Parallèlement, il fait découvrir la fragilité de la vie privée quand on est en possession d’un ordinateur, d’une tablette ou d’un téléphone connecté. L’héroïne en fait les frais de façon terrible. Certes, on peut rétorquer qu’il s’agit de l’intrigue d’un roman où l’auteur peut imaginer des actions plus facilement réalisables que dans la réalité. Mais, il le fait de telle manière qu’on ne peut, exemples réels à l’appui, qu’en constater la véracité.
Leon Nowiński, au volant de sa petite Škoda est en retard pour sa réunion. Il roule vite mais, soudain, un puissant 4x4 veut le dépasser. Lorsqu’il le peut, le bolide accélère encore et enfonce une barrière de sécurité, tombant quelques quinze mètres plus bas. Les policiers sur les lieux de l’accident reconnaissent dans le cadavre Ryszard Buxzek, M. Pistache, la vedette d’une émission pour enfants qui cartonne à la télévision.
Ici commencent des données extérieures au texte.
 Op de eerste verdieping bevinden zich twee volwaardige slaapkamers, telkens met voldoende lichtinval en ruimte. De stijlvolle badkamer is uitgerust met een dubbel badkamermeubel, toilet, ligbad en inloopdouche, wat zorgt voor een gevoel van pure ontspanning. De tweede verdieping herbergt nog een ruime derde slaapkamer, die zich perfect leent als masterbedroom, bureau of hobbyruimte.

Julita Wójcicka est journaliste chez Meganews, un tabloïd du Net. Elle est satisfaite car son nouvel article suscite l’intérêt. La mort de la vedette de télévision déclenche un raz-de-marée sur les chaînes d’informations. Tout est bon, son passé, ses débuts, ses émissions, sa vie… Julita se fend d’un article qui rencontre du succès. Mais, elle est troublée par quelque chose qu’elle a vu sur les photos à sa disposition. En cherchant bien, elle s’aperçoit que les doigts du mort sont très abimés.
Elle décide de poursuivre ses investigations car elle pressent quelque chose d’anormal. Elle retrouve Leon qui, sous la pression de Julita, mobilise sa mémoire. Il lui revient que Buczek pleurait au volant de sa voiture lorsqu’il l’a dépassé. Elle s’engage alors dans une enquête qui va lui faire perdre son emploi et la mettre en grand danger car…
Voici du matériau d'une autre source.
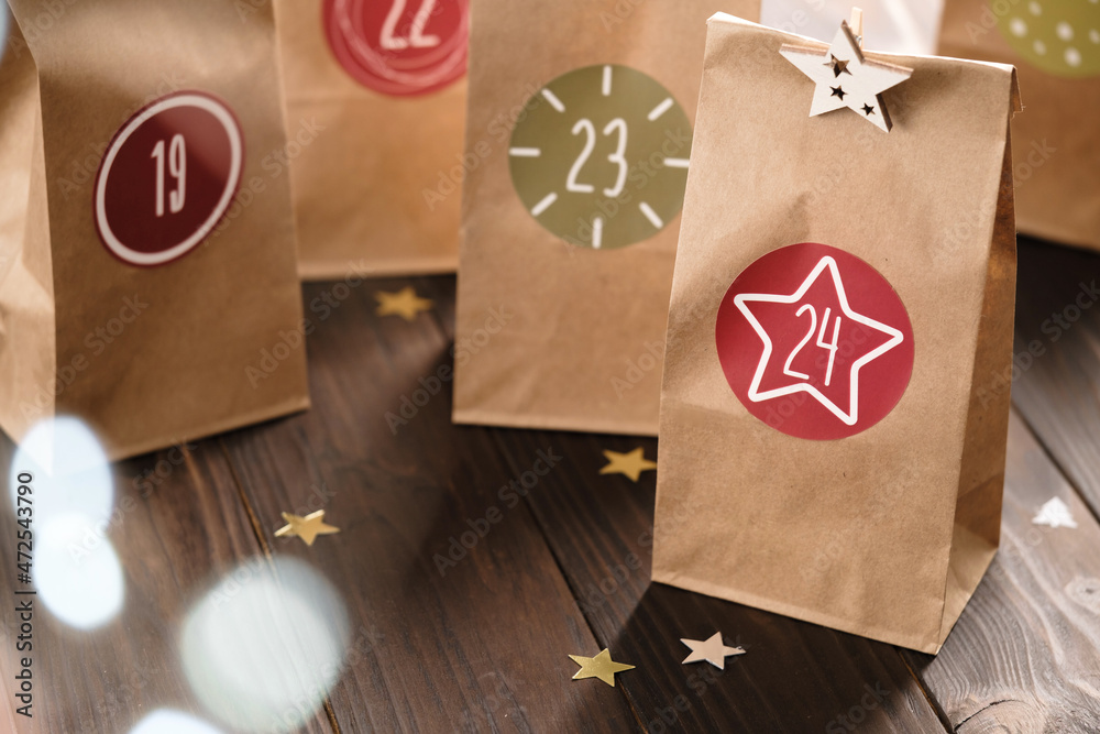 Christmas advent calendar for kids, creative tasks in paper bags for everyday. 24 handmade numbered bags with gifts. Countdown to Christmas Eve. Close-up

Jakub Szamałek place son récit en Pologne, à Varsovie, décrivant, à travers une galerie riche en personnages, la vie dans le pays, les obstacles quotidiens de ses habitants, les difficultés de logements, d’emplois, les bas salaires, ce qui explique en partie la dispersion de travailleurs polonais à travers l’Europe.
La police et la justice ne sont pas épargnées par les coups de griffe de l’auteur, celui-ci dénonçant la perversité de ces structures.
La tension monte très vite après que Julita cherche à prouver qu’il ne s’agit pas d’un banal accident, que cette mort cache de profondes et dangereuses connexions. Avec elle, le lecteur pénètre dans les arcanes du dark net, de ces réseaux occultes où le pire côtoie le pire.
Avec ce premier volet, Jakub Szamałek livre un thriller brillant, une intrigue portée de belle manière par une héroïne attachante. Il suscite crainte et peur en montrant que les données personnelles de chacun ne sont jamais à l’abri d’un piratage et enfonce encore le clou en précisant, en avant-propos, que son roman n’est pas de la science-fiction.
serge perraud
Jakub Szamałek, Tu sais qui (Cokolwiek wybierzesz), traduit du polonais par Kamil Barbarski, Métailié, coll. “Autres horizons” — Noire, septembre 2022, 464 p. — 22,90 €.